Figure 2. Construction details for the probe shown in Figure 1.

The probe shown in Figure 1 was built by my colleague, Brian Whitecotton. His work is much more photogenic than mine. The probe consists of two coils, whose centers are 2.4" apart, glued to a piece of wood, as shown in Figure 2. Each coil has a diameter of 2.2" and 80 turns of insulated wire. The coils are soldered in series, such that the current rotates in opposite directions, between the left and right signal-out wires. The midpoint between the coils is connected to the mono microphone input. The grounds of the output and input are connected together, as shown in Figure 3. That design has resistance of 6.2 and inductance of 0.8mH.

Figure 3. Schematic of the electrical connections for the probe shown in Figure 1.

When building the probe it is important to verify that the electrical connections are the same and that the two coils are as identical as you can manage. Don't use any other metal in the construction, no matter how tempting, because this probe is designed to detect any metal in nearby walls. By the way, this probe is useless for NDE (nondestructive evaluation) on aircraft.

Wall Signals

Non-physicist Linux users are sometimes intimidated by the physics of these concepts, but don't let that stop you from trying out this project. If nothing else in this section makes sense, know that point sources, such as nails, tend to give rounded signals and line sources, such as power cables, tend to give much more pointy signals.

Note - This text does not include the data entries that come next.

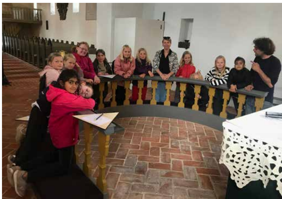
Vi kiggede efter søjler som de snoede på prædikestolen og lavede navneleg, hvor hver sagde sit navn og fortalte et minde.
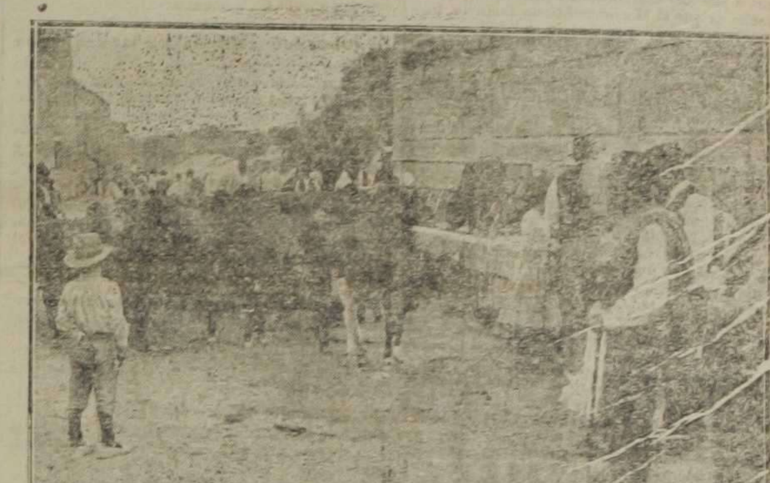
La Feria de Játiva.—Un ganado de terneras abrevando en la fuente de los 25 caños.
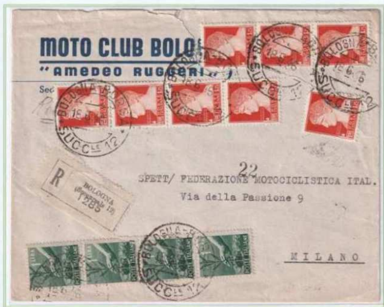
18/06/1946 - Lettera 2 porti raccomandata tariffa 18 l. (8 l. di 2 porti di lettera e 10 l. di raccomandazione) da Bologna a Milano,
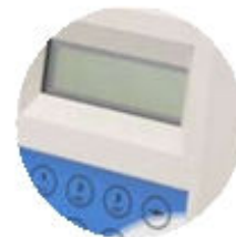
Opciono, ručni terminal za dodavanje ili brisanje ključeva
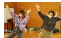
お母さんたちも ノリノリ♪
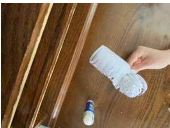
V takejto vzdialenosti od konca prestaňte rolovať.
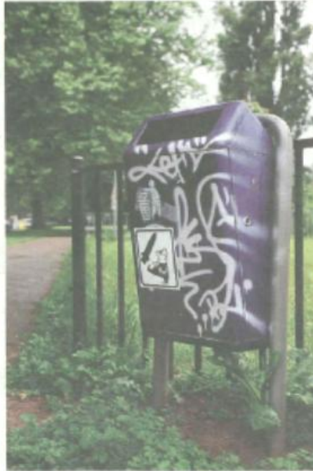
Afvalbakken in buitenwijken van Arnhem. Nu zijn er nog 1.300, straks de helft minder.

REPORTAGE GEMEENTE BEZUINIGT 650 AFVALBAKKEN WEG, BURGER KAN ZWERFVUIL MELDEN MET MOBIELTJE
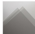
Matériau De Base Papier Fenêtré 142314 Price: 6,00 €
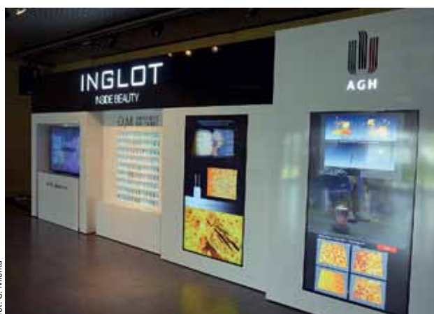
fort. G. Michta

W dniach 17–22 maja 2016 roku odbyła się w Krakowie trzecia edycja Copernicus Festival, którą tym razem poświęcono różnym wymiarom piękna. Celem organizowanego corocznie festiwalu jest pokazanie współistnienia i przeplatania się nauki i sztuki. Copernicus Festival wzorowany jest na World Science Festival, który co roku odbywa się w Nowym Jorku, gromadząc najlepszych światowych naukowców i rzeszę uczestników. Pomysłodawcą Copernicus Festival są Fundacja Tygodnika Powszechnego oraz Centrum Kopernika Badań Interdyscyplinarnych, a partnerem strategicznym festiwalu jest „Tygodnik Powszechny”.
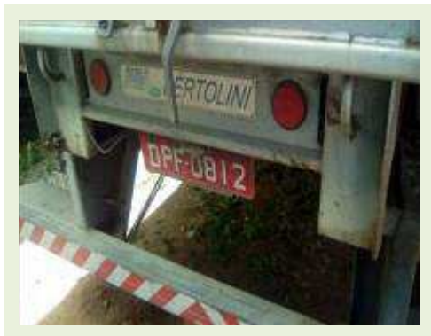
SEMI REBOQUE MARCA BERTOLINI MODELO BERTOLINI AMZ BAL 3EL ANO 2006 ANO MODELO 2006 COMPRIMENTO 15 M | Item: 538 |
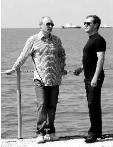
8月14日，俄罗斯总统梅德韦杰夫(右)与总理普京在俄南部黑海沿岸城市索契交谈。

新华社专电 阿富汗总统哈米德·卡尔扎伊同父异母的弟弟、坎大哈省议会会议长艾哈迈德·瓦利·卡尔扎伊13日否认英军在他拥有的土地上查获数吨鸦片的报道。 德国《明星》周刊先前报道，英军特种部队在坎大哈省属于艾哈迈德·瓦利·卡尔扎伊的土地发现大批鸦片。 艾哈迈德·瓦利·卡尔扎伊13日打电话告诉路透社记者：“这是选举期间，他们想用这种新闻来破坏总统形象，事情就是这样。” 当被问及究竟是谁想破坏总统形象，艾哈迈德·瓦利·卡尔扎伊说：“我不知道，谁写了这篇报道就是谁。” 他还说，自己对英军查获鸦片的事毫不知情，即使确有发生，也没有证据证明鸦片就被发现在自己土地上。“他们能给我看看这块地么？我请求英国特种部队向我证明他们确实从我家土地上发现所谓的鸦片。”
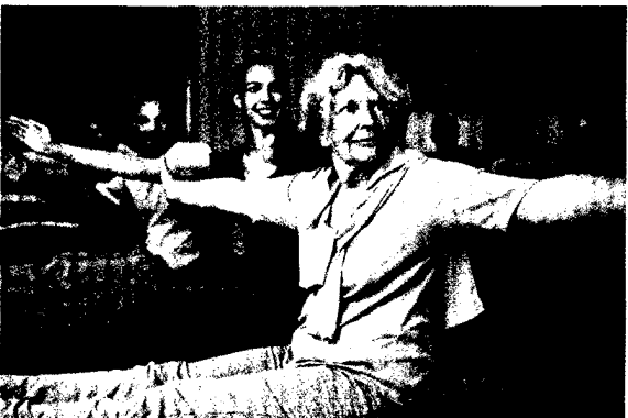
Alltagsfunktionen zu stärken ist das Ziel einer geriatrischen Reha.

Figure 4. Prostar notebook 1KHz, linear scan of an invisible dry wall nail.

As it scans across a wall to find invisible nails, the software reports a positive signal when the nail is inside the circle of one coil or a negative signal when the nail is inside the circle of the other coil. This is shown in Figure 4. When trying to examine a large wall area, the coils can travel next to each other so that the sign of the signal indicates which coil encountered a nail. When trying to determine the exact position of a nail, the coils travel along the same path so that the central symmetry with no signal will indicate the location to within a few millimeters.

Figure 5. Prostar notebook 1KHz, linear scan of an invisible 110V> power cable.

Power cables, as shown in Figure 5, or metal structural components obviously will have much larger signals. The shape of the signal distinguishes a point (such as a nail head) from a line (such as a wire). A point has almost the same signal when it's anywhere within the circle of the coil, so the plot has a flattened peak. A line has a signal that varies with the length of the line that is inside the circle, reaching a maximum when it is the diameter. Therefore, the plot has a more pointed peak.

Although a cheap stud sensor can find objects, you must buy a more sophisticated unit if you want more than that basic location. In addition, a cheap sensor cannot distinguish between a water pipe, a structural beam and a power cable.

Figure 6. The phase of the signal suggests what type of metal each object is. Iron and steel are highest, copper and aluminum are lowest, brass and the like are in the middle. Around 1KHz, the phases are clearly separated into three groups.

Figure 7. The signal size suggests how large each object is. Aluminum gives a relatively small signal compared to steel.

More expensive and capable sensors compress their detection results into simple displays. Our software-based sensor can benefit from the better display and adjust the measurement to identify classes of objects. Once an object has been found somewhere inside the wall, the phase of the signal, as shown in Figure 6, indicates what the material is. The size of the signal suggests how big the object is, as shown in Figure 7. The way these two vary with frequency can be used to recognize the shape of the object.